I wasn't thinking very clearly when I said that, since the lower paying hands would be zero. So, just under $29000 coinin gets you a total of $1000 back. That is a return of around 3% of your total coinin, but it's not a profit of 3%, it's a 97% loss.
Join the not thinking very clearly sometimes club. The only consolation is we have already forgotten what most will ever learn and still retain more than what most will ever learn. Guess I am referring to the huge segment of society that couldn't tell you who the vp is, but they know who is dating who or who dumped who in Hollywood.

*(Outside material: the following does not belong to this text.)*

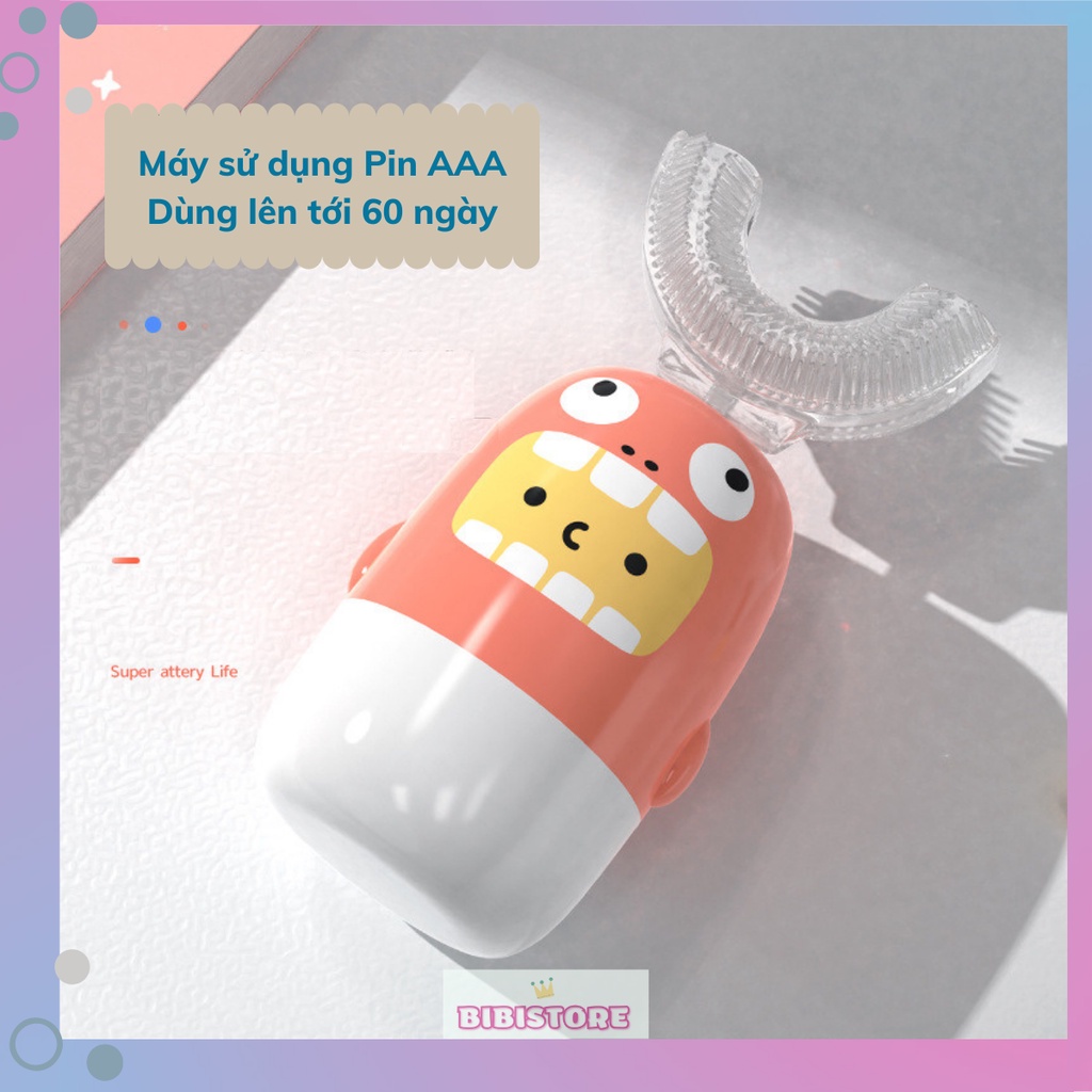 Giá trải nghiệm để bé được sử dụng Bàn Chải Điện Chữ U Đánh Răng Tự động MONSTER BOY Chất liệu Silicon cấp thực phẩm cho bé 2~16 tuổi (tặng kèm kem đánh răng tạo bọt). SIÊU MỀM- KHÔNG TỔN THƯƠNG NƯỚU- SẠCH MẢNG BÁM- NGỪA SÂU RĂNG

I was curious to see what is the royal flush cycle for jacks and better if the only pay table win was a royal flush? That is you only won on the royal flush and nothing else (no point in holding anything other than 10, J, K, Q, A suited. I am asking because sometimes people hold less expected value cards for a higher chance of the big hit, and if you go to the extreme with a royal flush only pays paytable, how much more often will it show up?
For sure! And, the royal cycle answer is straightforward. But, in the second post, there was the comment about the 3% payback, and I possibly misinterpreted it to mean "how could it be that good?', when it didn't mean to suggest that at all.